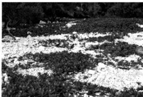
Fig. 4. Dwarf Scaevola plants comprise one of the preferred feeding areas of Tuamotu Sandpipers.

frequently seen taking nectar and/or water from flowers of Scaevola (Fig. 4), and unspecified seeds were also taken (R. Pierce pers. obs.). Stomach contents have contained ants (four species), leafhoppers and a wasp (Juglar 1996).
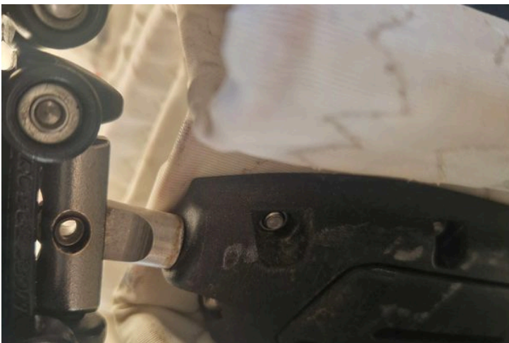
Close-up of a mechanical component on a 2002 Grand Soleil 43 sailboat.
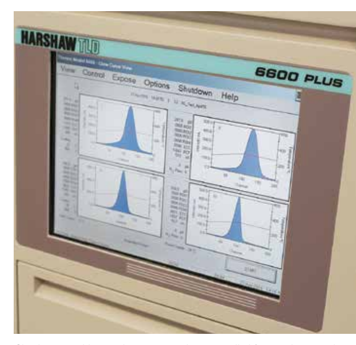
Simple, menu driven maintenance routines controlled from an integrated touch screen display save technicians time and increase reader uptime.

Equipped with two heating/data acquisition channels and dual cooled photo multiplier tubes, the Harshaw 6600 Plus can simultaneously read two TL elements, improving processing speeds and improving productivity. In addition, the Harshaw 6600 Plus operates automatically to process up to 200 TLD cards per processing run. With an optional internal irradiator, the Harshaw 6600 Plus can perform automated calibrations, reducing set-up time and further improving process efficiency.
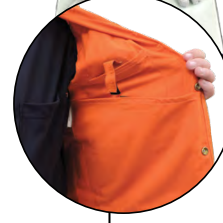
Large Inner Pockets with VELCRO® Closures
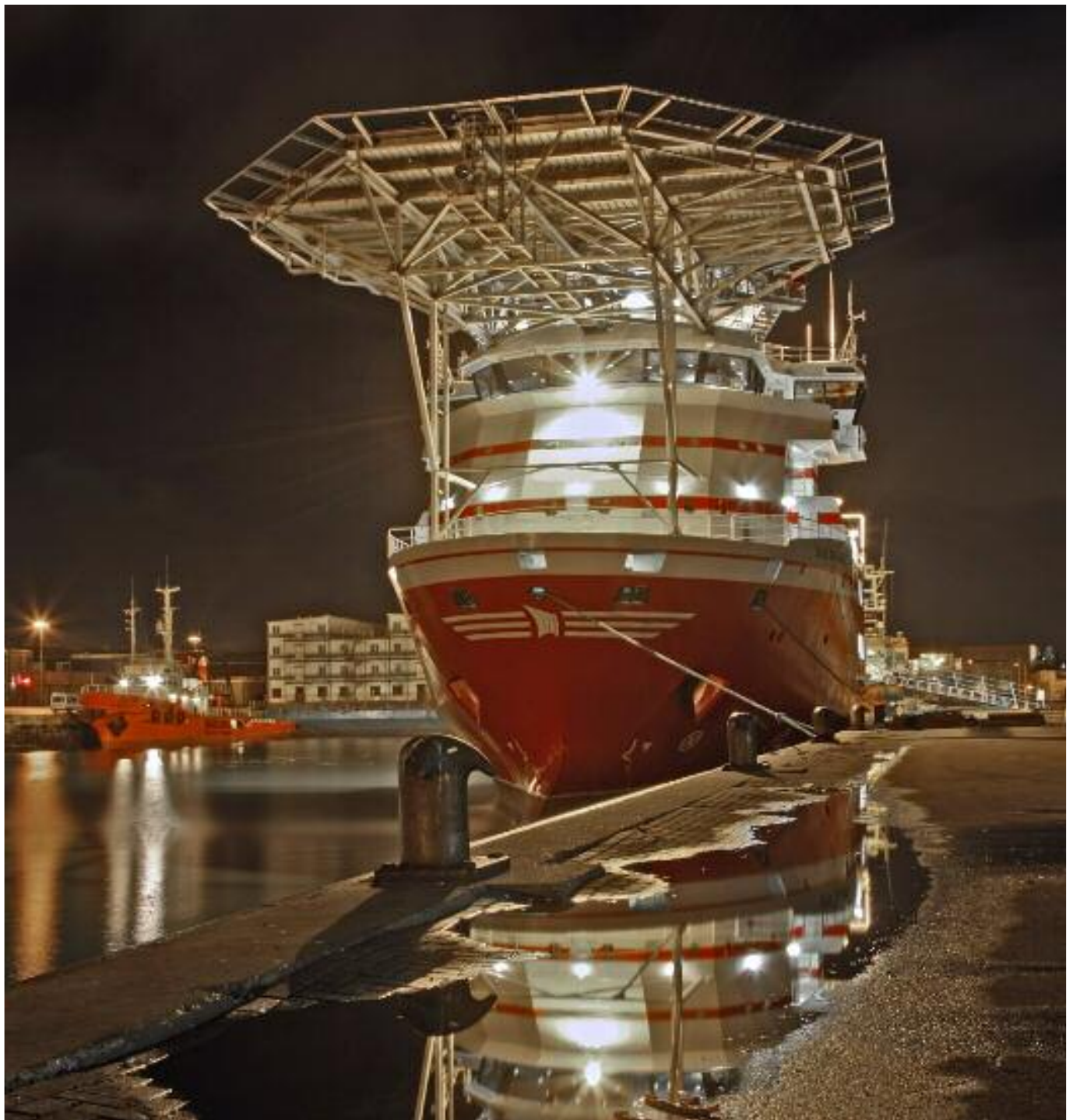
The SIEM MARINER seen moored in IJmuiden
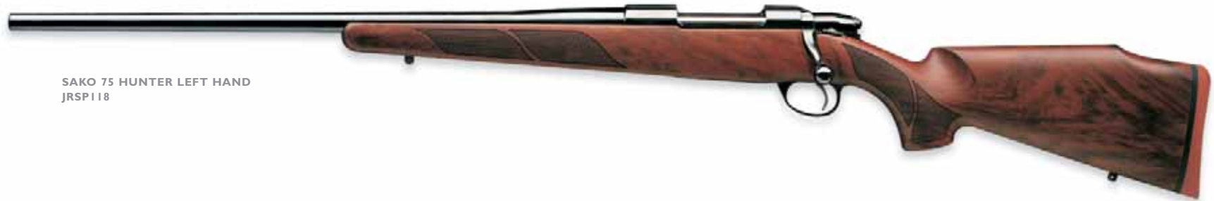
SAKO 75 HUNTER LEFT HAND JRSP118

For years, left-handers could only look in envy at right-handed Sako owners. No more! The Sako 75 now is available in a true left-hand version. Three popular calibers, .25-06, .270 Win and .30-06 give the lefty the rifle he needs for everything from antelope to elk.
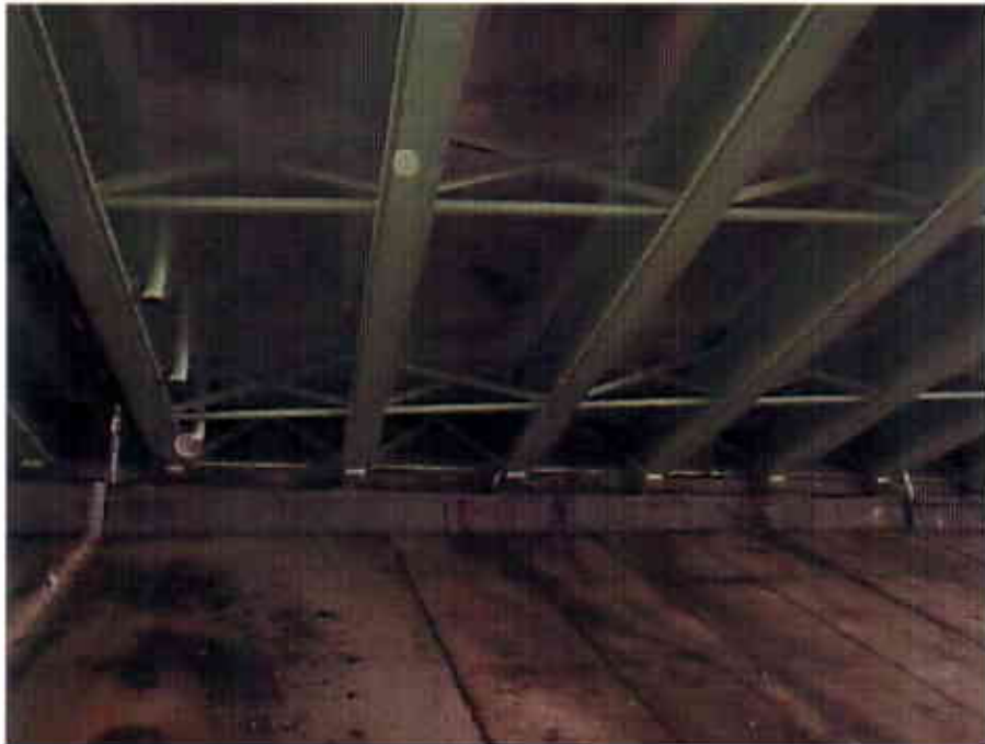
Photograph 20 View Looking West at the Underside of the West Bound Lanes of the Interstate 90 Bridge over East 9 th Street (CUY-90-1628L)
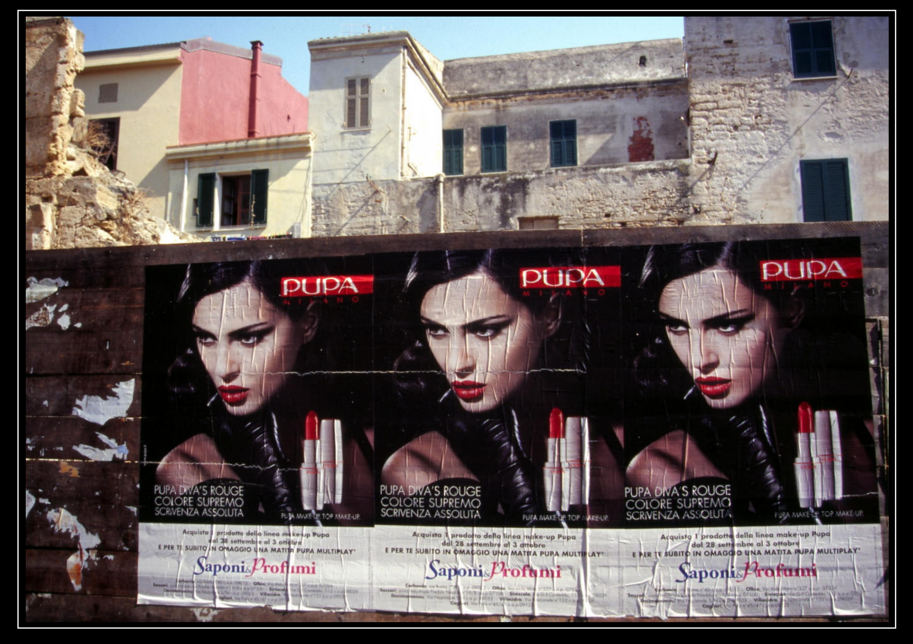
© Erotic begins, when the lipstick realizes its limits. © Seductive poster in triple pack in the old city of Alghero in the North-West of Sardinia – October 2009
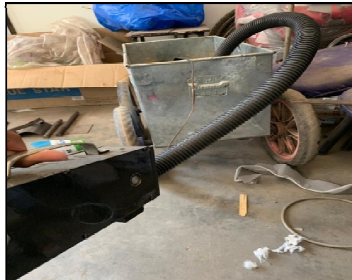
FIG.6 MECHANISM CONNECTED WITH VACCUM
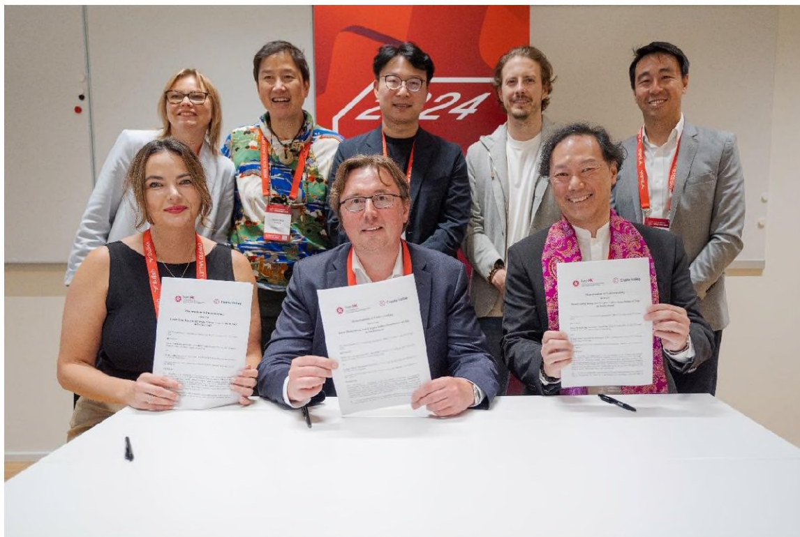
Photo 2: Representatives of InvestHK, CVA and the industry at the MoU Ceremony.
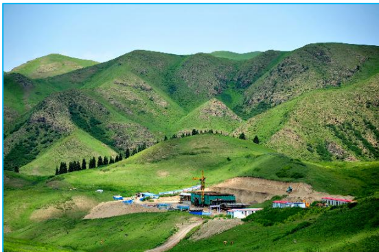
Qitai Observation Station
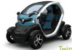
Twizy de Renault
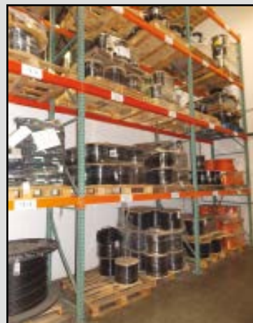
PARTIAL VIEW OF COAXIAL CABLE
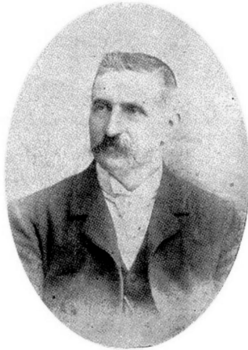
Colin Bain Calder © public domain
——————————
Please copy out every line of the preceding listing that carries "West".

Solution to the problem:
Photograph 20 View Looking West at the Underside of the West Bound Lanes of the Interstate 90 Bridge over East 9 th Street (CUY-90-1628L)
© Erotic begins, when the lipstick realizes its limits. © Seductive poster in triple pack in the old city of Alghero in the North-West of Sardinia – October 2009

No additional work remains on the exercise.